DATA FOR THIS EXERCISE:
----

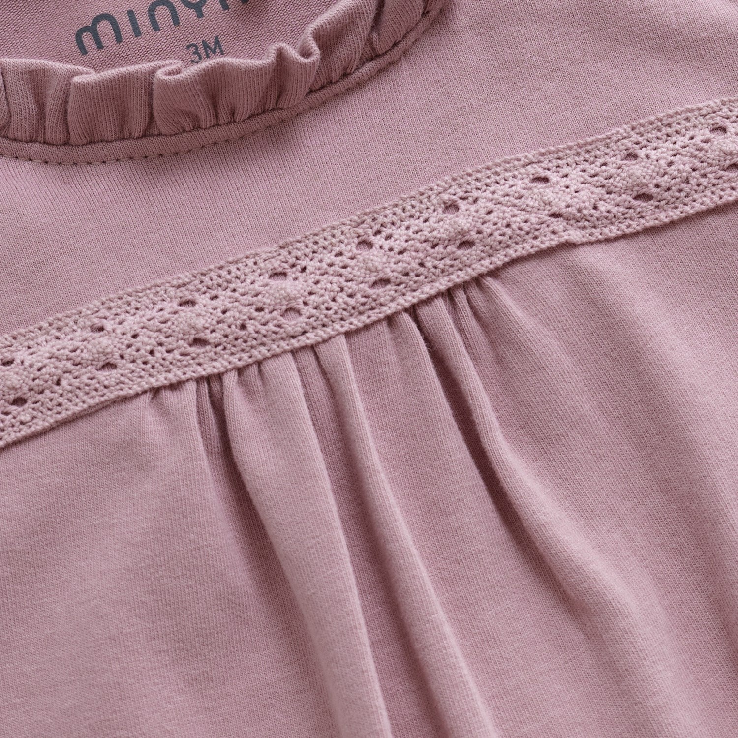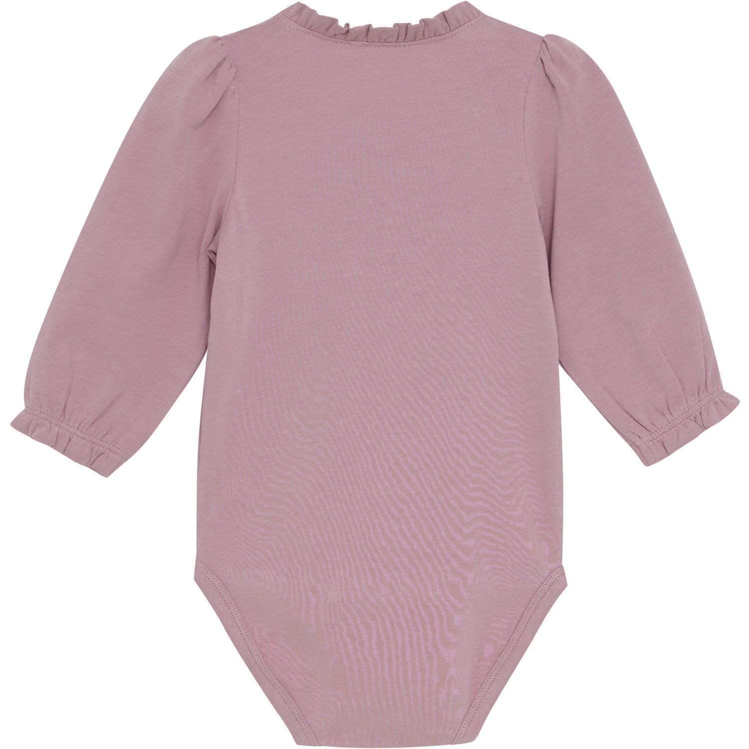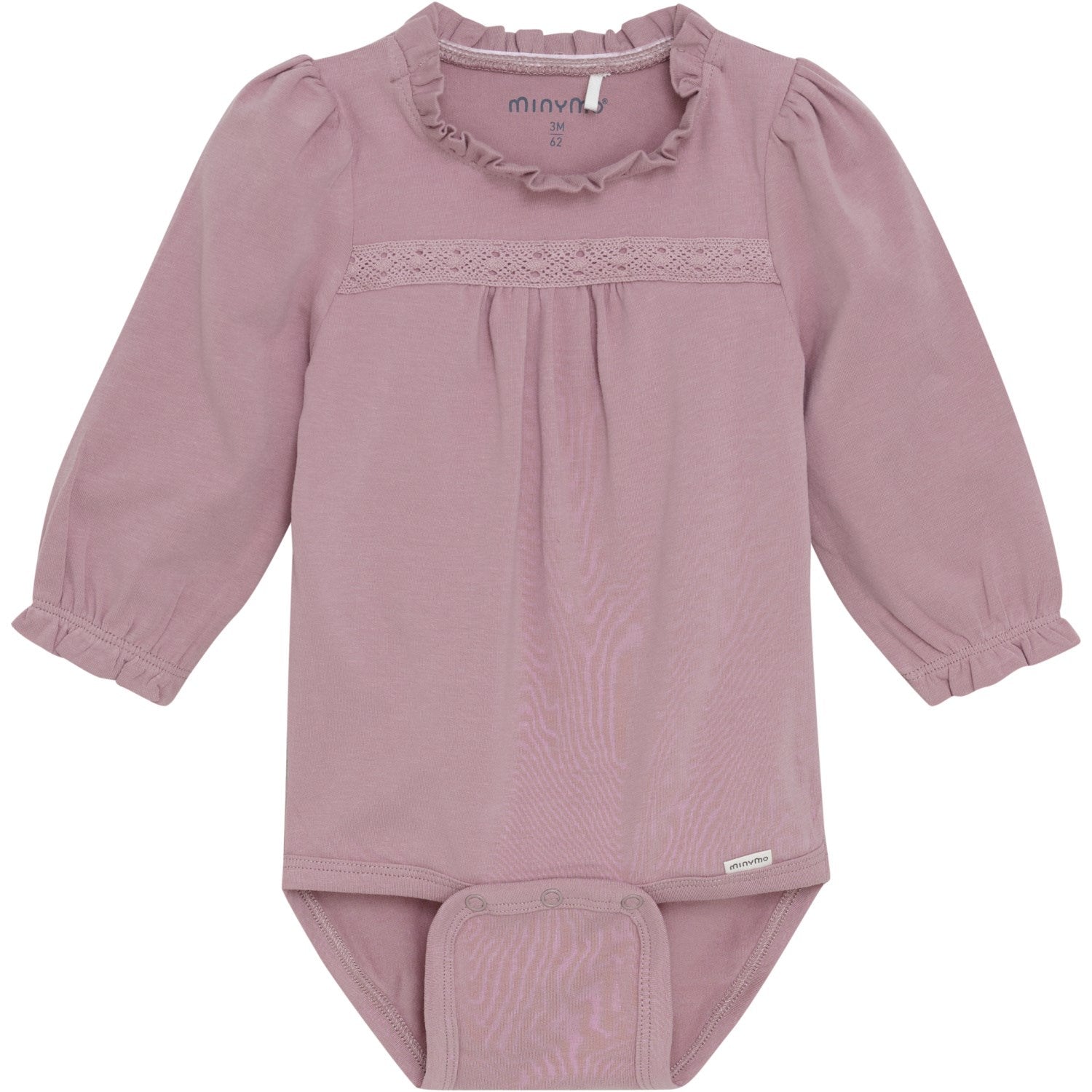 Oppdag den sjarmerende langermede bodyen fra Minymo i delikat woodrose-farge. Denne bodyen er ikke bare praktisk med sine trykknapper mellom bena for enkel på- og avkledning, men også stilfull med sine dekorative folder på brystet, kragen, skuldrene og ved håndleddene. Et diskret broderi over brystet tilfører en ekstra touch av eleganse. Laget av en myk bomullsblanding, garanterer den komfort og god passform, samtidig som den er lett å vedlikeholde. Perfekt for daglig bruk eller spesielle anledninger.
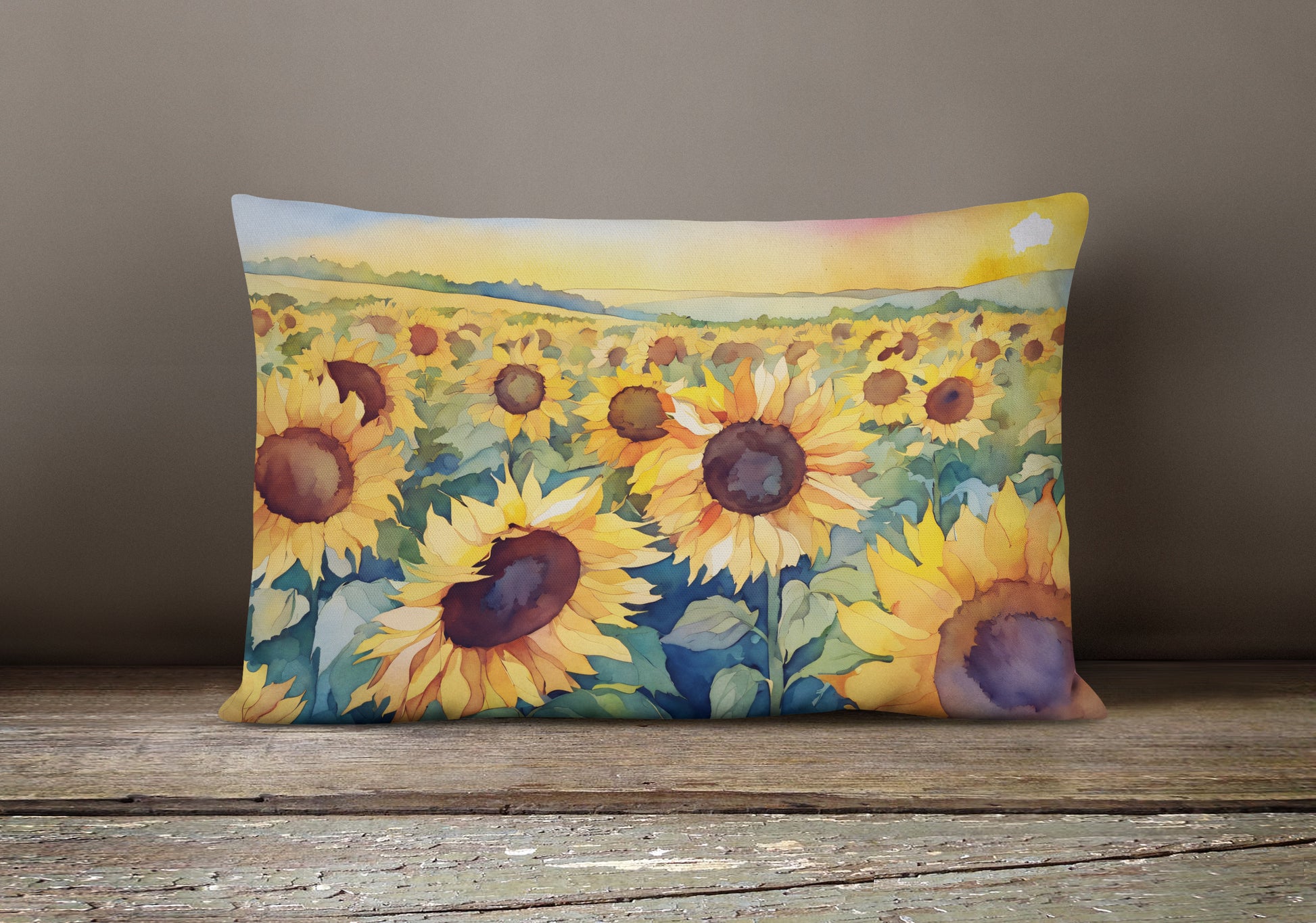 Throw Pillow featuring breed specific Kansas Sunflowers artwork. Embrace the fusion of comfort and style with Caroline's Treasures Fabric Decorative Pillow. This 12x16 inch outdoor pillow is designed to complement your patio furniture, adding a splash of color and artistry to your outdoor setting. Constructed with a 100% Polyester Fabric pillow sham filled with a plush pillow form, this cushion is as comfortable as it is durable. Our outdoor pillow utilizes a novel fabric, meticulously woven for enhanced water resistance. This soft canvas material is equally suited for your indoor couch as well as outdoor settings such as the patio, porch, or veranda. To ensure enduring vibrance, we employ colorfast dyes resistant to fading even when subjected to weather elements. The making of this pillow involves the delicate sewing together of three fabric pieces to create a sham, into which a polyester insert is carefully placed. The result is an overstuffed pillow that tenaciously holds its shape. With both the sham and the pillow insert crafted in the United States, these handmade pillows are a testament to superior local craftsmanship. Note that as these pillows are handmade, sizes may slightly vary, enhancing their unique appeal. Enjoy comfort in style with Caroline's Treasures Fabric Decorative Pillow.
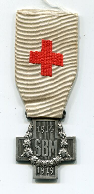 PREMIERE GUERRE MONDIALE mention 1914 / 1919 - Croix avec mentions SBM / 1914 et 1919, couronne de feuilles de chêne et laurier sur la croix - Ruban blanc, croix rouge brodée en centre. Au dos rayures verticales sur la croix légende : "société française de secours aux blessés militaires des armées de terre et de mer".
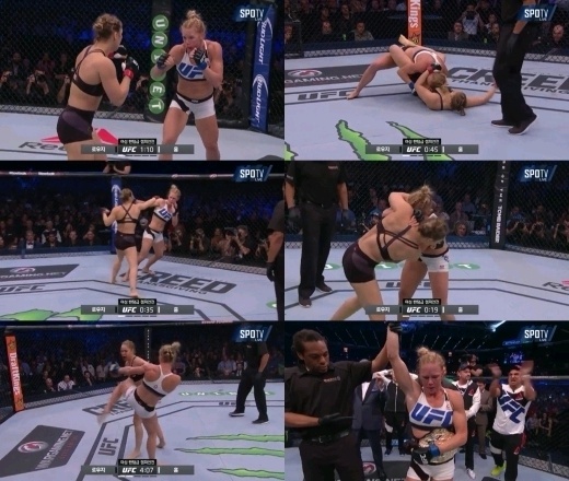 1라운드부터 두 사람은 치열한 공격을 펼쳤다. 특히 홀리는 지친 기색 없이 론다 로우지에 공격하며 마무리 지었다.
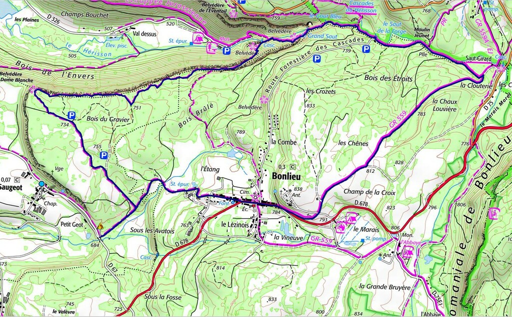 Descriptif de la sortie : Randonnée panoramique sans difficulté qui rejoindra tout d'abord le belvédère de la Dame Blanche. Puis à travers bois , nous cheminerons pour atteindre les cascades du Hérisson qui auront enfin retrouvé un peu de leur quiétude. Retour à Bonlieu par le GR 559 puis SAUGEOT.
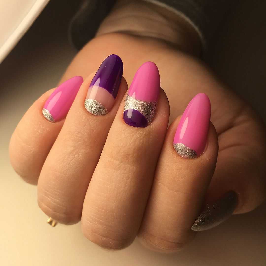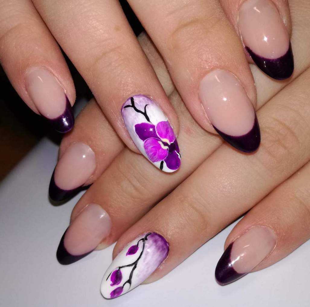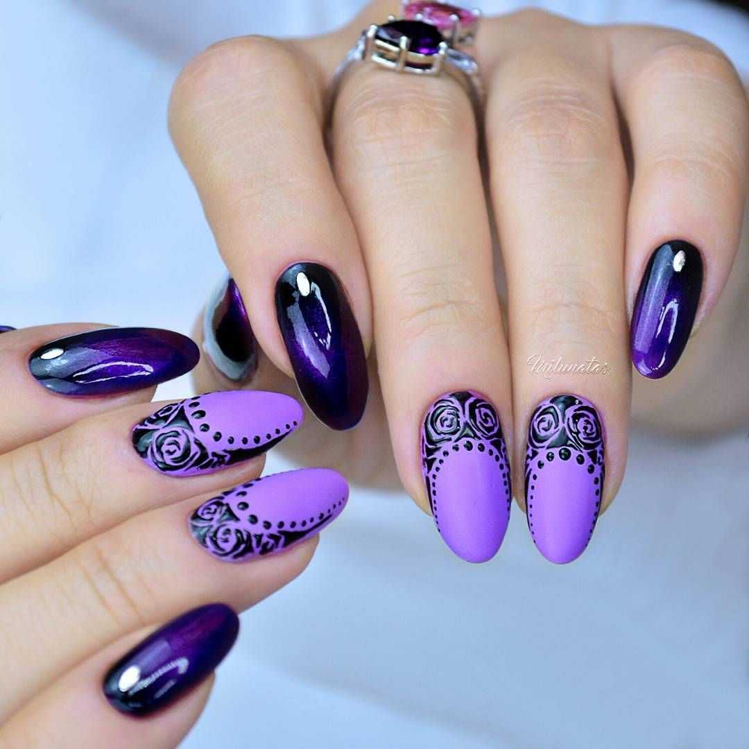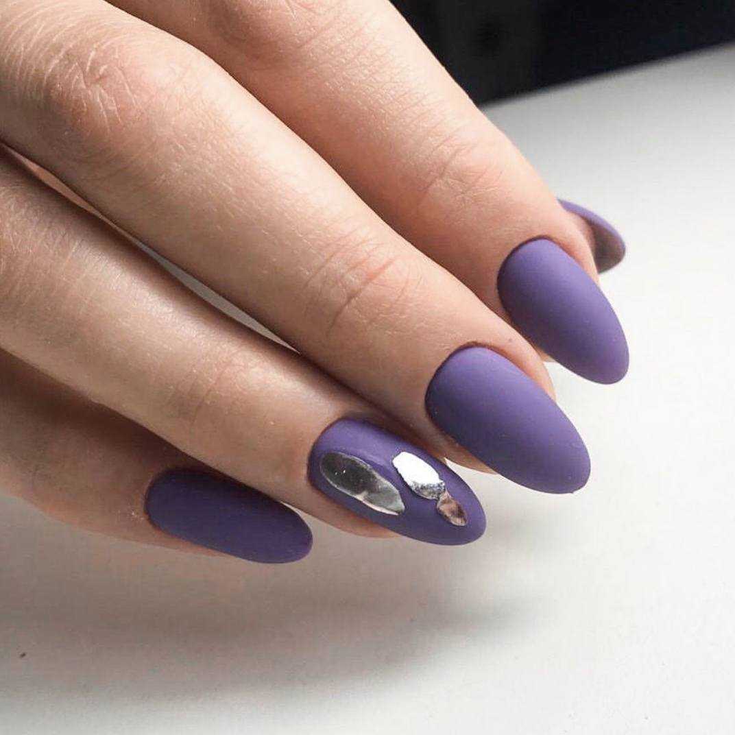 Форма миндаль – неизменная классика маникюра. Она отлично сочетается с любым оттенком из фиолетовой палитры – от пастельного до почти чёрного. Особенно эффектные варианты нейл-арта – кошачий глаз, омбре, френч.
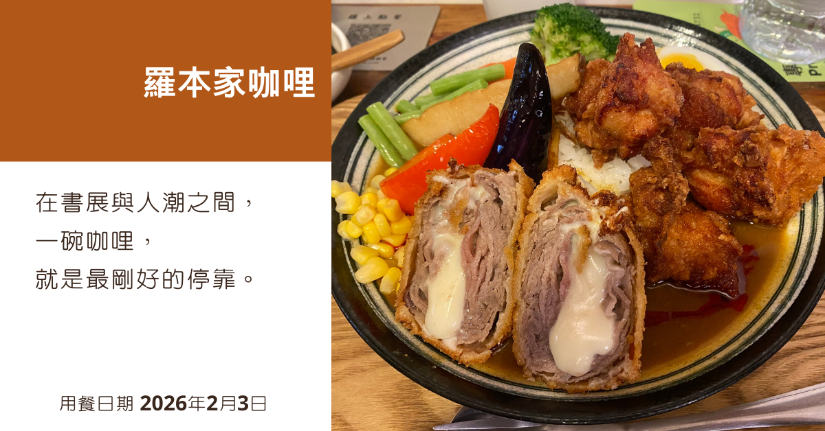 逛完書展的傍晚,總少不了一頓能安撫身心的晚餐。想起先前朋友曾提過:「世貿附近有一間咖哩飯不錯,而且價格也很實在。」那時只是記在心裡,沒特別放在行程裡。但剛好來到附近,於是順勢轉進巷弄,來到這間低調卻頗有口碑的羅本家咖哩
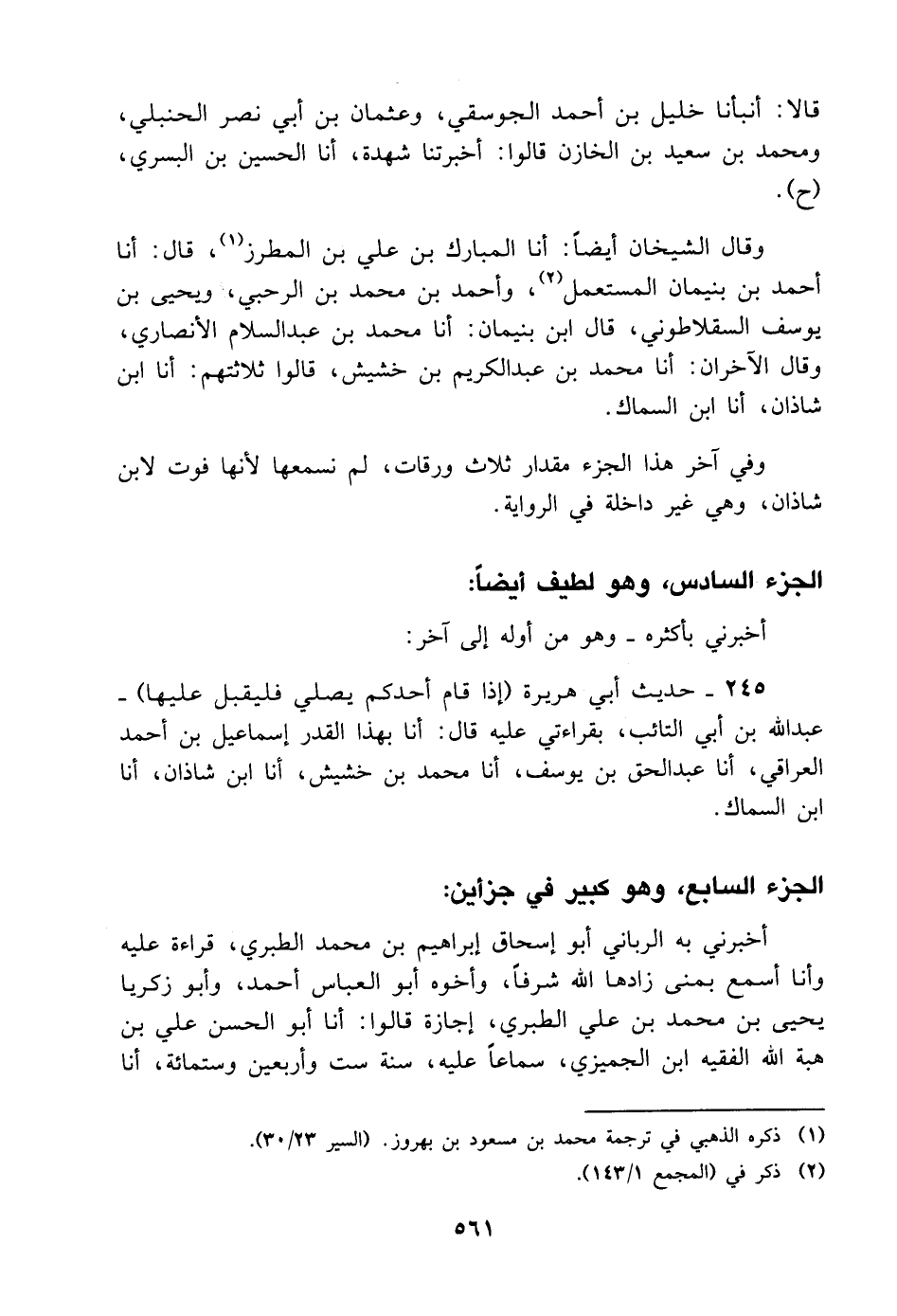قالا: أنبأنا خليل بن أحمد الجوسقي، وعثمان بن أبي نصر الحنبلي، وَمُحَمَّد بن سعيد بن الخازن قالوا: أخبرتنا شهدة، أنا الحسين بن البسري، ح وقال الشيخان أيضا: أنا المبارك بن علي بن المطرز، قال: أنا أحمد بن بنيمان المستعمل، وأحمد بن مُحَمَّد بن الرحبي، ويحيى بن يوسف السقلاطوني، قال ابن بنيمان: أنا مُحَمَّد بن عبد السلام الأنصاري، وقال الآخران: أنا مُحَمَّد بن عبد الكريم بن خشيش، قالوا ثلاثتهم: أنا ابن شاذان، أنا ابن السماك وفي آخر هذا الجزء مقدار ثلاث ورقات، لم نسمعها لأنها فوت لابن شاذان، وهي غير داخلة في الرواية

----

TASK GOAL: Each line from the one that contains "Throw Pillow featuring" down to the one that contains "Descriptif de la" is to be returned exactly as it stands above, both ends included, with pictures removed.

RESPONSE:
 Throw Pillow featuring breed specific Kansas Sunflowers artwork. Embrace the fusion of comfort and style with Caroline's Treasures Fabric Decorative Pillow. This 12x16 inch outdoor pillow is designed to complement your patio furniture, adding a splash of color and artistry to your outdoor setting. Constructed with a 100% Polyester Fabric pillow sham filled with a plush pillow form, this cushion is as comfortable as it is durable. Our outdoor pillow utilizes a novel fabric, meticulously woven for enhanced water resistance. This soft canvas material is equally suited for your indoor couch as well as outdoor settings such as the patio, porch, or veranda. To ensure enduring vibrance, we employ colorfast dyes resistant to fading even when subjected to weather elements. The making of this pillow involves the delicate sewing together of three fabric pieces to create a sham, into which a polyester insert is carefully placed. The result is an overstuffed pillow that tenaciously holds its shape. With both the sham and the pillow insert crafted in the United States, these handmade pillows are a testament to superior local craftsmanship. Note that as these pillows are handmade, sizes may slightly vary, enhancing their unique appeal. Enjoy comfort in style with Caroline's Treasures Fabric Decorative Pillow.
 PREMIERE GUERRE MONDIALE mention 1914 / 1919 - Croix avec mentions SBM / 1914 et 1919, couronne de feuilles de chêne et laurier sur la croix - Ruban blanc, croix rouge brodée en centre. Au dos rayures verticales sur la croix légende : "société française de secours aux blessés militaires des armées de terre et de mer".
 1라운드부터 두 사람은 치열한 공격을 펼쳤다. 특히 홀리는 지친 기색 없이 론다 로우지에 공격하며 마무리 지었다.
 Descriptif de la sortie : Randonnée panoramique sans difficulté qui rejoindra tout d'abord le belvédère de la Dame Blanche. Puis à travers bois , nous cheminerons pour atteindre les cascades du Hérisson qui auront enfin retrouvé un peu de leur quiétude. Retour à Bonlieu par le GR 559 puis SAUGEOT.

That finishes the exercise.